Animation 1: Inverted Index Lookup

A query for "beauty" looks up the term once and jumps directly to the matching documents — no full scan.

Documents are JSON objects, indexes are collections of documents, and the mapping defines field types. The OpenSearch vocabulary maps cleanly onto a relational mental model:

Relational	OpenSearch
Database	Cluster
Table	Index
Row	Document
Column	Field
Schema	Mapping
Primary Key	`_id` field

Shards: Primaries and Replicas

A single index quickly outgrows a single machine, so OpenSearch partitions each index into shards. A shard is an independent Lucene index. Indexes have primary shards (the authoritative copies of partitioned data) and replica shards (full copies placed on different nodes for fault tolerance and read scaling).

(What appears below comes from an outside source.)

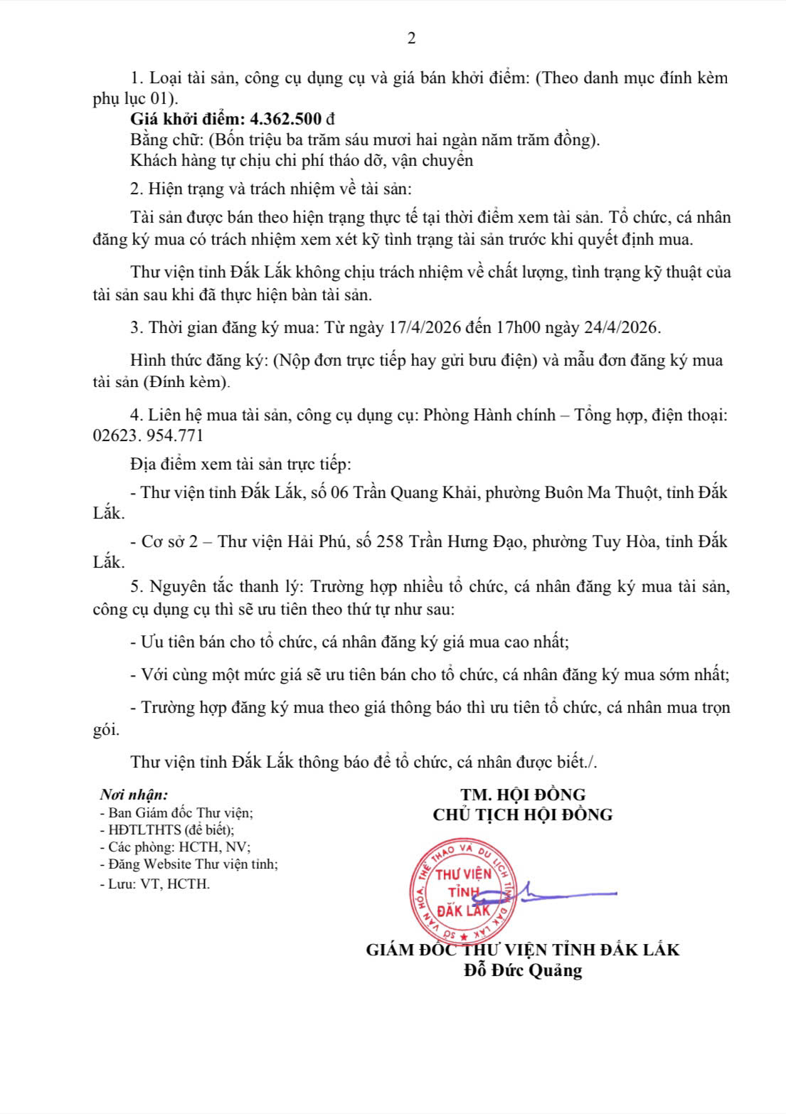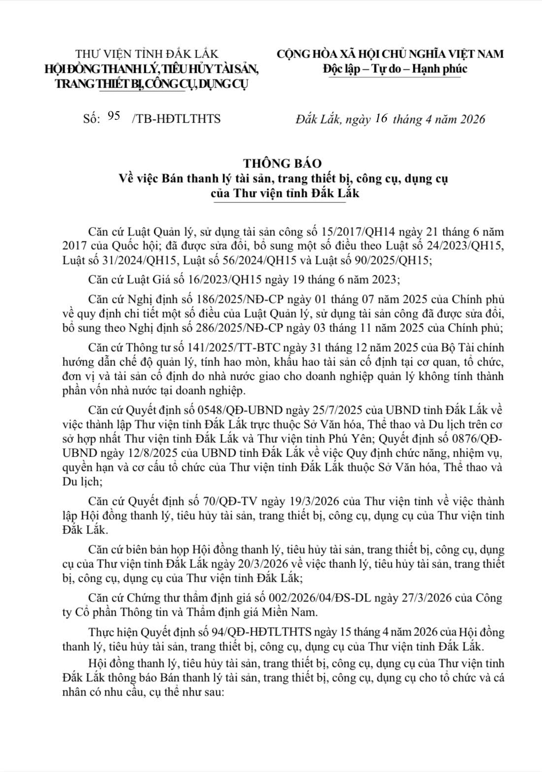 Thông báo về việc bán thanh lý tài sản, trang thiết bị, công cụ, dụng cụ của Thư viện tỉnh Đắk Lắk

Routing works as follows. When you index a document, OpenSearch hashes the document ID (or a custom routing key) modulo the primary shard count, picks a primary shard, writes the document, then replicates to each replica. With 5 primaries and 1 replica, a single bulk write touches 10 shards. A search request goes to either a primary or replica copy of each shard — only 5 shards are queried per request, in parallel.

Crucial constraint: primary shard count is immutable after index creation. Replica count, however, is dynamic — you can scale replicas up before a known traffic spike and back down afterwards.

Animation 2: Shard Placement and Replica Failover

Six data nodes hosting an index with 3 primaries (P0/P1/P2) and 3 replicas (R0/R1/R2). Watch Node A fail and R0 promote to primary.

Cluster, Node, and Replica Concepts

A cluster is the unit of management. Within it, cluster manager nodes (formerly master) maintain cluster state, data nodes hold shards, and coordinator nodes fan out client requests. Amazon OpenSearch Service abstracts most of this — you pick instance types and counts, AWS picks the role assignments.

Shard sizing has practical bounds. AWS recommends 10-30 GB per shard for search-dominated workloads and up to 50 GB for log workloads. Each open shard consumes file handles, JVM heap, and cluster-state metadata, so AWS suggests fewer than 20 shards per GB of heap, or roughly fewer than 1,000 shards per node. Too few shards and individual shards bloat past 50 GB; too many and the cluster manager spends all its time tracking metadata.

For log workloads, the best practice is time-based rolling indexes managed by an index template. Daily indexes named logs-2026.05.07, logs-2026.05.08 let you delete old indexes wholesale (cheap) instead of deleting documents from a huge single index (expensive).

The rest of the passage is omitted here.